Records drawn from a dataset
####
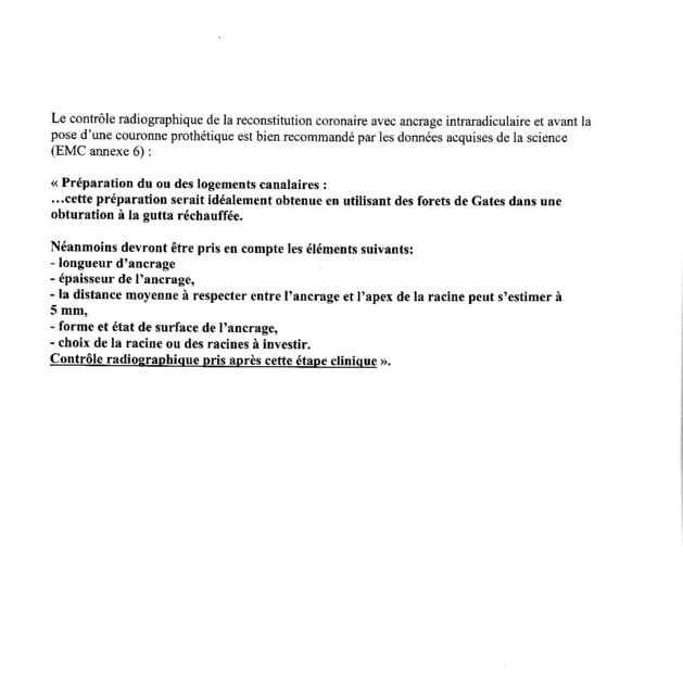 Parmi les griefs que je trouve abusifs, mais référencées par la CDC à partir des recommandations de l'andem, c'est la longueur des tenons. Selon l'andem, un tenon doit arriver à 5 mm de l'apex. Mes tenons je les mets à la mi-racine alors elle les trouve trop court.
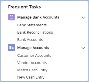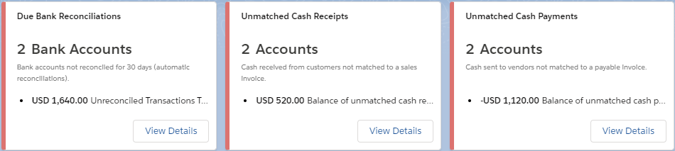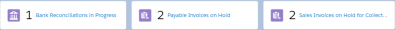 | Due Bank Reconciliations | The count of bank accounts not reconciled for 30 days or more. | Displays a list view of bank accounts not reconciled for 30 days or more. |
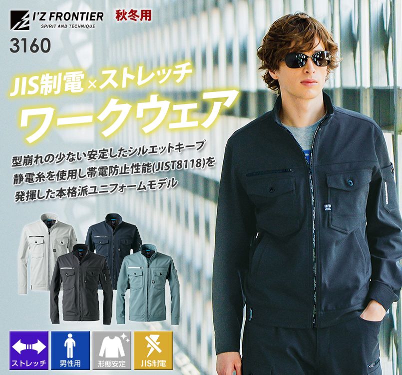 アイズフロンティア 3160 [秋冬用]カットソーA.D.ストレッチワークジャケット[男性用]
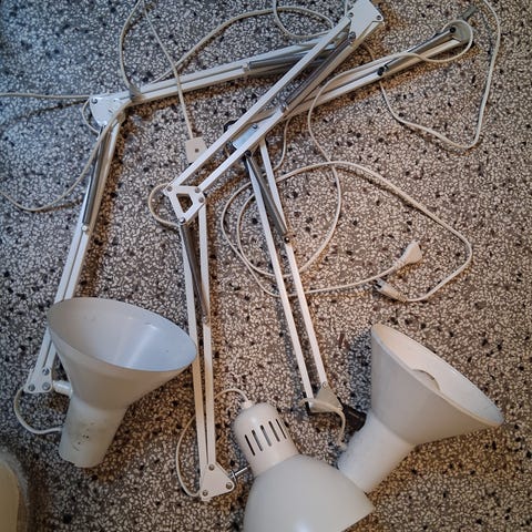 Der kan henvises til flere lignende arbejdslamper på mine annoncer og i forskellige farver og priser og nogle ses under fotos med bla en Flot grå, der kan bruges såvel til bord og til ophæng på væg (original beslag medfølger) - perfekt led hvor lamper kan vendes i retninger og til lille fatning - måler 26 cm dyb, selve skærm-del H: 20 og D: 16 på fod til 199,-
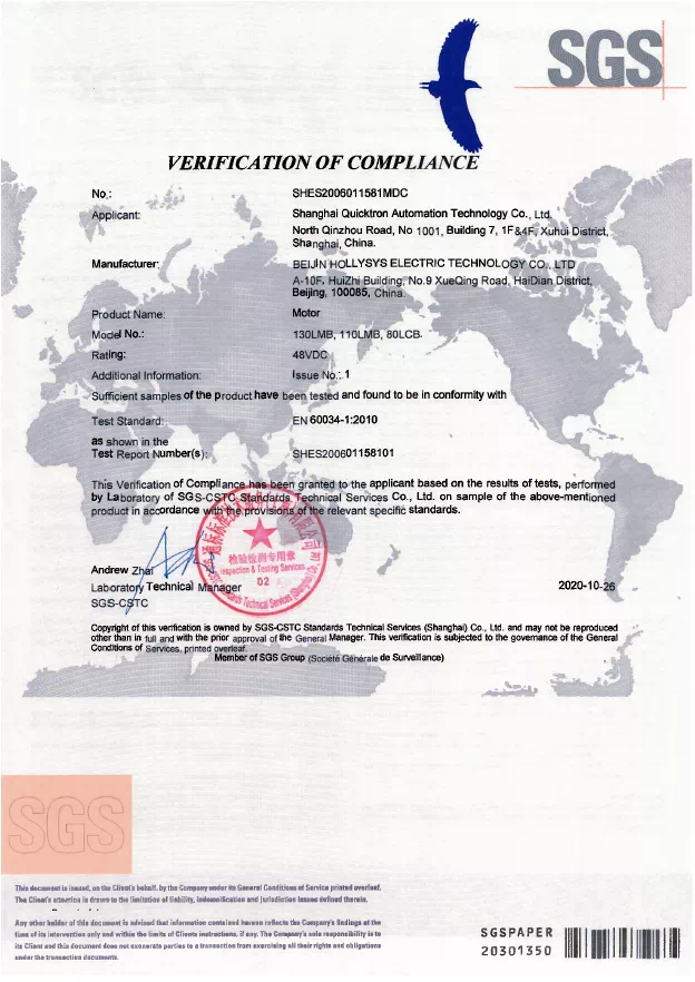 SGS是全球領(lǐng)先的檢驗(yàn)、鑒定、測(cè)試和認(rèn)證機(jī)構(gòu),是全球公認(rèn)的質(zhì)量和誠(chéng)信基準(zhǔn)。SGS作為國(guó)際權(quán)威認(rèn)證機(jī)構(gòu)為和利時(shí)電機(jī)產(chǎn)品頒發(fā)CE證書(shū)和RoHS證書(shū),是對(duì)和利時(shí)電機(jī)技術(shù)實(shí)力的專(zhuān)業(yè)背書(shū),增強(qiáng)了和利時(shí)電機(jī)產(chǎn)品在國(guó)際市場(chǎng)的品牌力,也助力設(shè)備制造商加速全球化步伐。
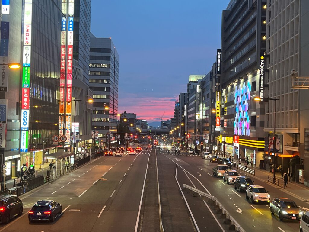 外に出ると、なんか朝焼けのような濃い色の夕焼け。
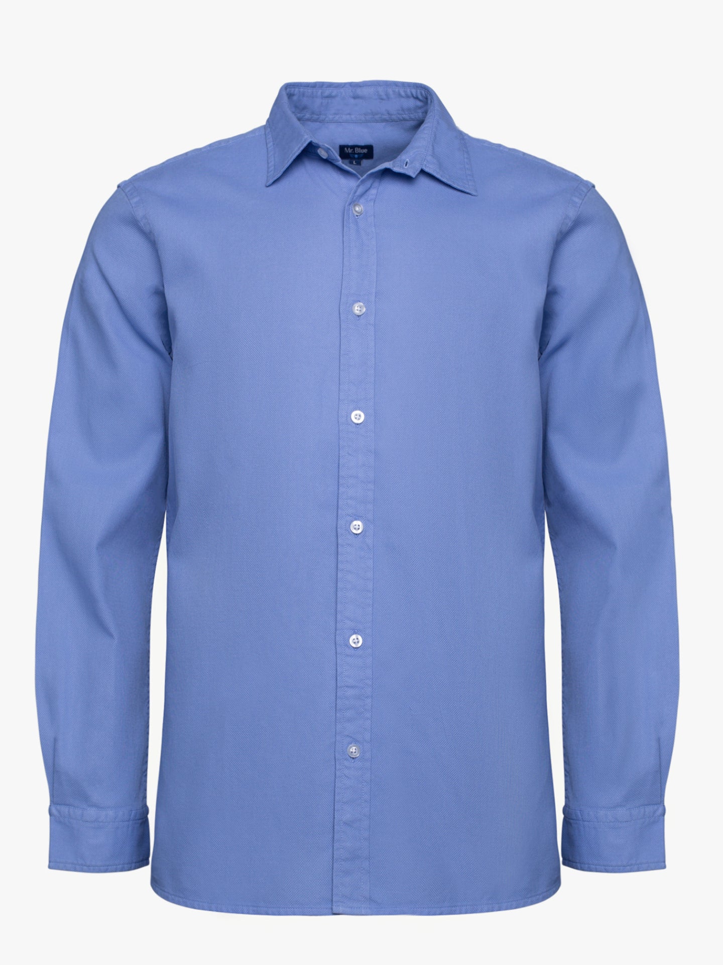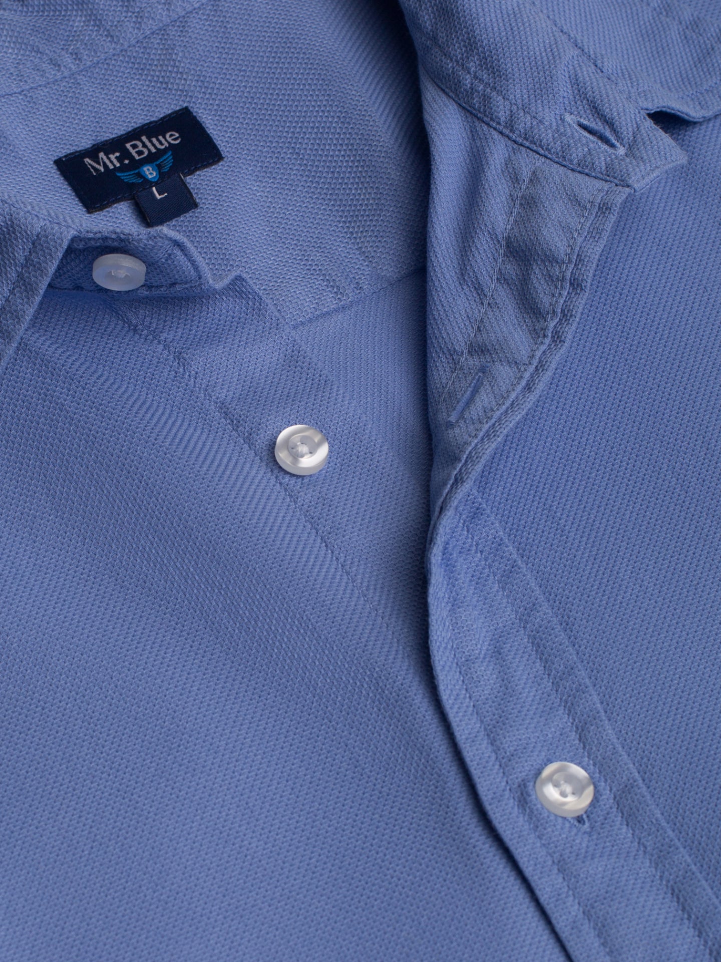 Camisa de homem 100% algodão azul intermédio com logo bordado em vermelho. Corte tailored, colarinho italiano, fecho mediante abotoadura frontal e manga comprida com acabamento em punho abotoado.
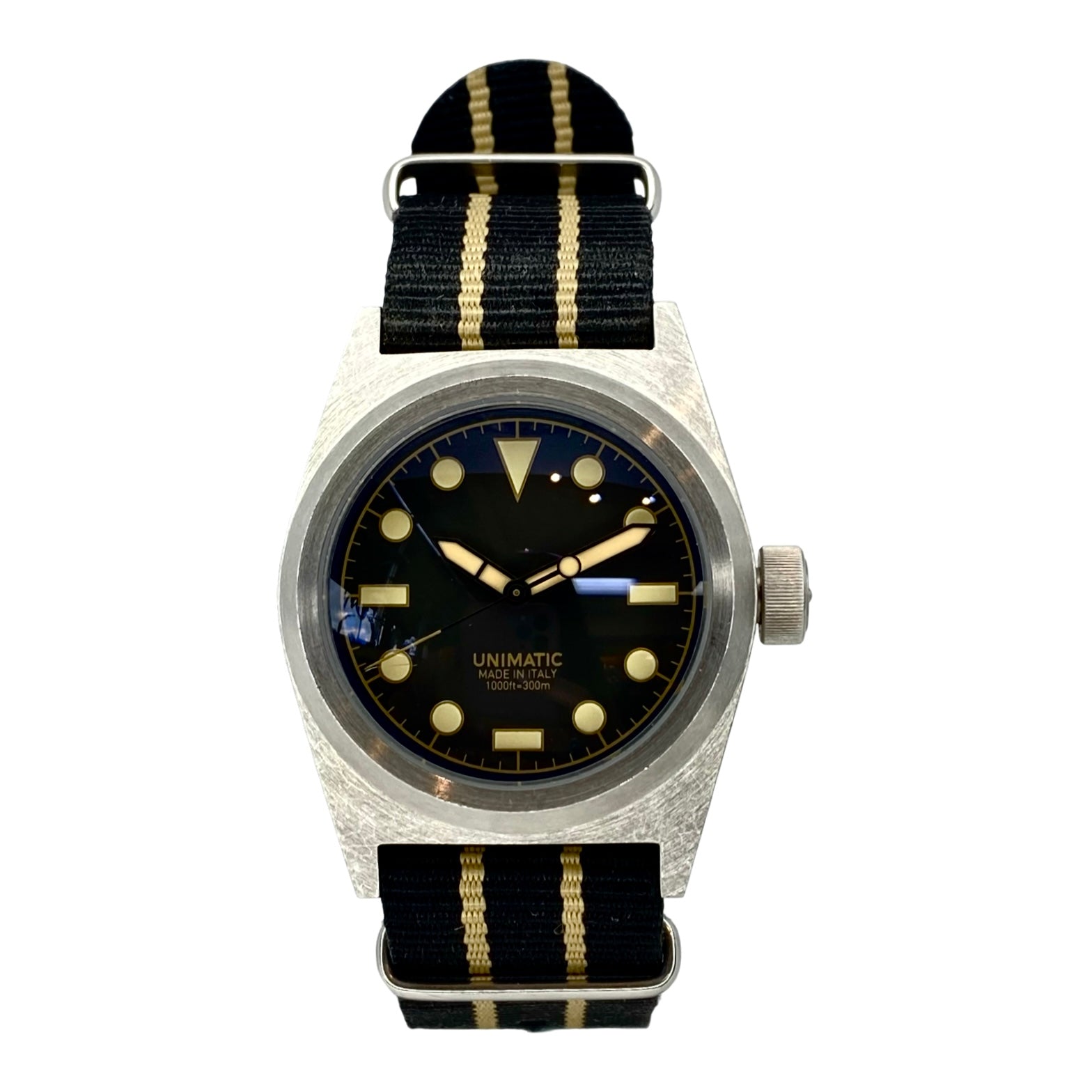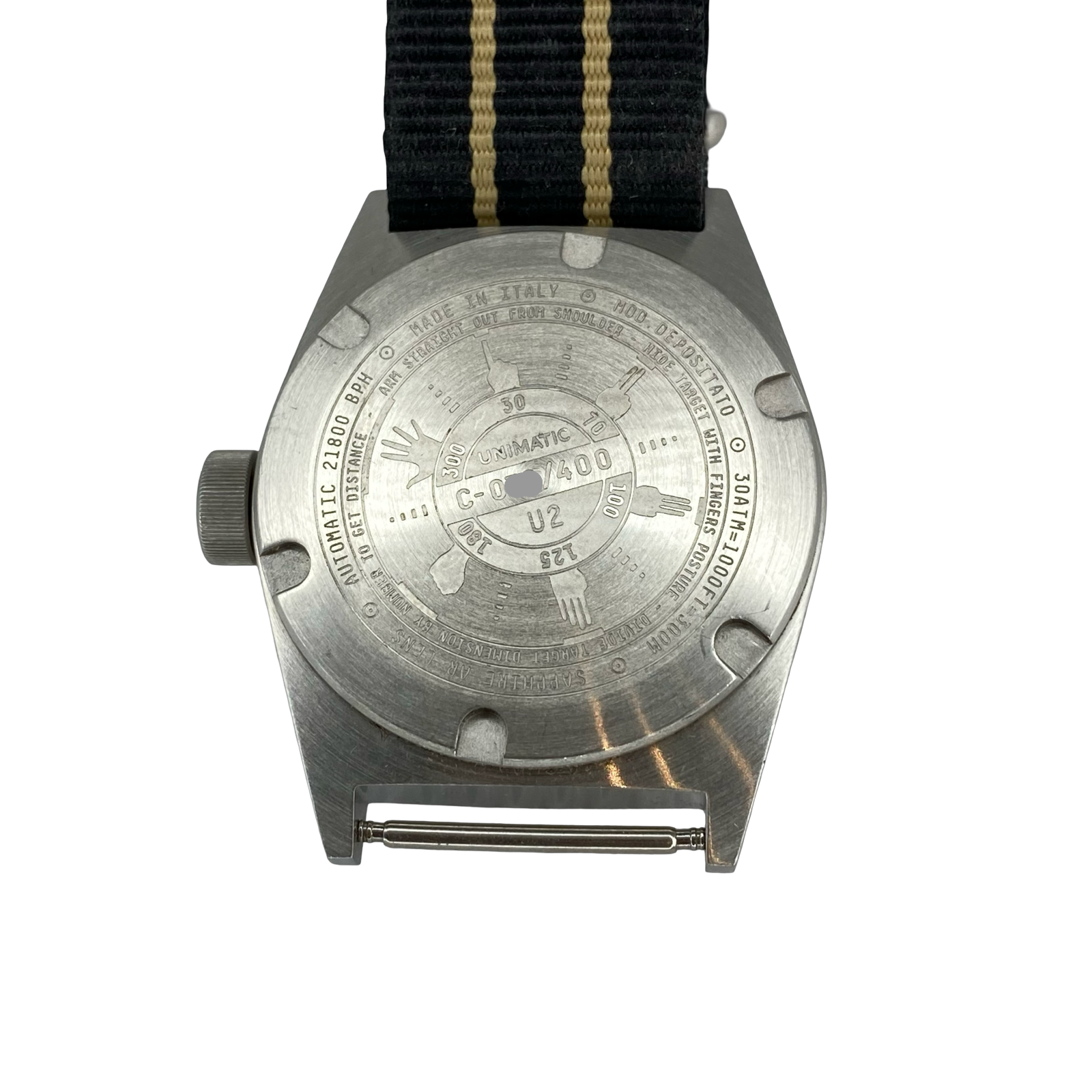 Dial numerals: None, dial print " UNIMATIC MADE IN ITALY 1000ft-300m"
####
Task requirements -
Retype each record exactly as it appears above and drop the images.

Finished task -
 Parmi les griefs que je trouve abusifs, mais référencées par la CDC à partir des recommandations de l'andem, c'est la longueur des tenons. Selon l'andem, un tenon doit arriver à 5 mm de l'apex. Mes tenons je les mets à la mi-racine alors elle les trouve trop court.
 | Due Bank Reconciliations | The count of bank accounts not reconciled for 30 days or more. | Displays a list view of bank accounts not reconciled for 30 days or more. |
 アイズフロンティア 3160 [秋冬用]カットソーA.D.ストレッチワークジャケット[男性用]
 Der kan henvises til flere lignende arbejdslamper på mine annoncer og i forskellige farver og priser og nogle ses under fotos med bla en Flot grå, der kan bruges såvel til bord og til ophæng på væg (original beslag medfølger) - perfekt led hvor lamper kan vendes i retninger og til lille fatning - måler 26 cm dyb, selve skærm-del H: 20 og D: 16 på fod til 199,-
 SGS是全球領(lǐng)先的檢驗(yàn)、鑒定、測(cè)試和認(rèn)證機(jī)構(gòu),是全球公認(rèn)的質(zhì)量和誠(chéng)信基準(zhǔn)。SGS作為國(guó)際權(quán)威認(rèn)證機(jī)構(gòu)為和利時(shí)電機(jī)產(chǎn)品頒發(fā)CE證書(shū)和RoHS證書(shū),是對(duì)和利時(shí)電機(jī)技術(shù)實(shí)力的專(zhuān)業(yè)背書(shū),增強(qiáng)了和利時(shí)電機(jī)產(chǎn)品在國(guó)際市場(chǎng)的品牌力,也助力設(shè)備制造商加速全球化步伐。
 外に出ると、なんか朝焼けのような濃い色の夕焼け。
 Camisa de homem 100% algodão azul intermédio com logo bordado em vermelho. Corte tailored, colarinho italiano, fecho mediante abotoadura frontal e manga comprida com acabamento em punho abotoado.
 Dial numerals: None, dial print " UNIMATIC MADE IN ITALY 1000ft-300m"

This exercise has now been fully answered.